Functional impairments are frequent in older persons with cancer and a frailty risk profile, and several characteristics are identified that are significantly associated with functional decline. Therefore, FS is an essential part of the geriatric assessment which should be standard of care for this patient population. Next step is to proceed with directed interventions with the aim to limit the risk of functional decline as much as possible.
功能状态(FS)和虚弱是老年人的重要关注点,尤其是患有癌症的老年人。有关老年人在癌症治疗期间 FS(日常生活活动[ADL];工具性日常生活活动[IADL])及其演变的数据以及脆弱风险概况的数据很少。因此,本研究检查了具有脆弱风险概况的老年癌症患者的 FS 及其演变,并调查了与功能下降相关的特征。
这是一项使用大型前瞻性多中心观察队列研究数据的 FS 二次数据分析。纳入了≥ 70 岁、有实体瘤和基于 G8 筛查工具(评分≤14)的脆弱风险概况的患者。进行了老年评估,包括基于 ADL 和 IADL 的 FS 评估。大约三个月的随访后,重新评估 FS。使用单变量和多变量逻辑回归分析来确定 ADL 和 IADL 功能下降的预测因素。

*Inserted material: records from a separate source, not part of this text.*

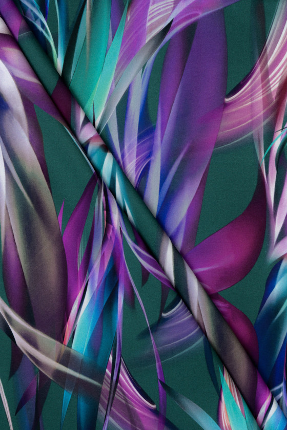 Taliansky hodvábny satén, elastický s motívom podlhovastých listov na tmavozelenom podklade. Husto vyrobený vzor v chrpe, fialovej, fuchsiovej a teal farbe dodáva látke krásny vzhľad - potlač je vyrobená na matnej strane.
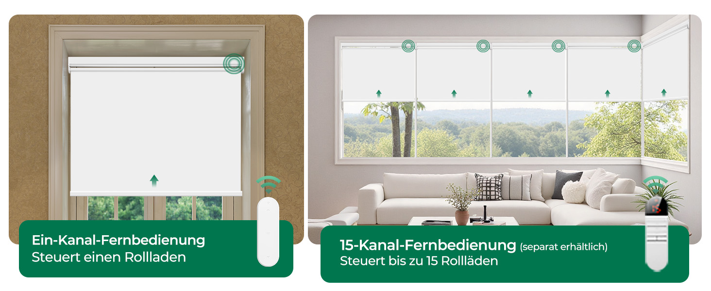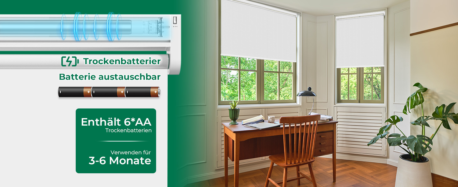 Die Bedienung unseres elektrischen Verdunklungsrollos ist bequem und unkompliziert. Es wird werkseitig mit einer Fernbedienung codiert, sodass Sie es sofort nach Erhalt in Betrieb nehmen können. Das Rollo wird von 6 vorinstallierten Trockenbatterien betrieben, die in der Regel alle 4-6 Monate ausgetauscht werden müssen. Dies bedeutet weniger Aufwand für Sie und mehr Zeit zum Entspannen.
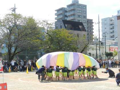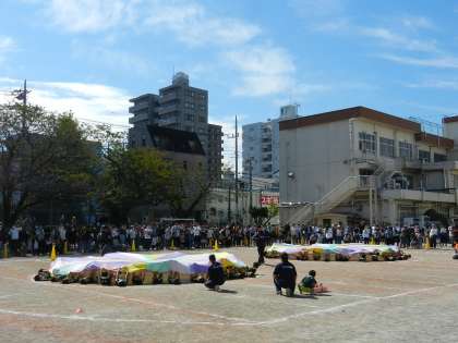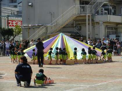 様々に動きます。先生の合図で園児は素早く体制を整えます。
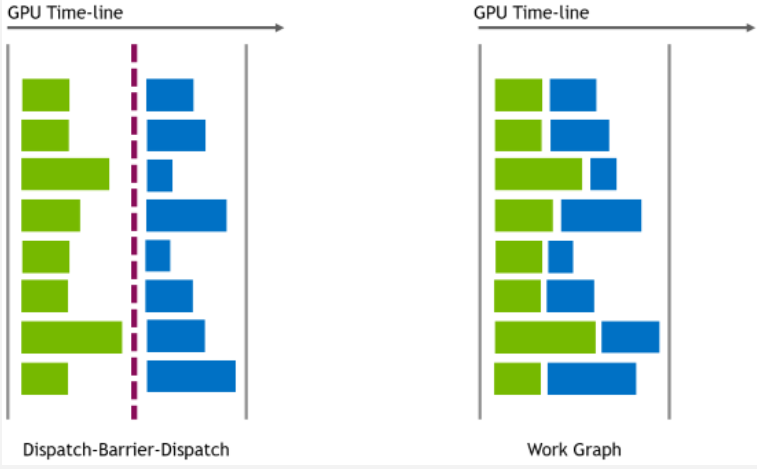 该技术允许 CPU 提前计划并为 GPU 组织任务,从而在渲染中让 GPU 能够即时为自己生成工作任务。这样一来,CPU 可以提前规划要进行的任务,而 GPU 也不必等待另一个任务的提交。

3388 名患者在基线和随访时提供了 ADL 和 IADL 的数据。基线时,1886 名(55.7%)患者 ADL 依赖,而 2085 名(61.5%)患者在随访时 ADL 依赖。观察到 23.6%的患者功能下降。对于 IADL,2218 名(65.5%)患者 IADL 依赖,而 2591 名(76.5%)患者在随访时 IADL 依赖。观察到 41.0%的患者 IADL 功能下降。多变量分析显示,疾病分期 III 或 IV、合并症、过去 12 个月内的跌倒史以及 IADL 测量的 FS 是 ADL 和 IADL 功能下降的预测因素。ADL 功能下降的其他预测因素包括多药治疗、东部合作肿瘤学组表现状态(ECOG-PS)评分 2-4 和认知障碍,IADL 功能下降的其他预测因素包括女性、疲劳和抑郁风险。
功能障碍在具有脆弱风险概况的老年癌症患者中很常见,并且确定了一些与功能下降显著相关的特征。因此,FS 是老年评估的重要组成部分,应成为该患者人群的护理标准。下一步是进行有针对性的干预,以尽可能降低功能下降的风险。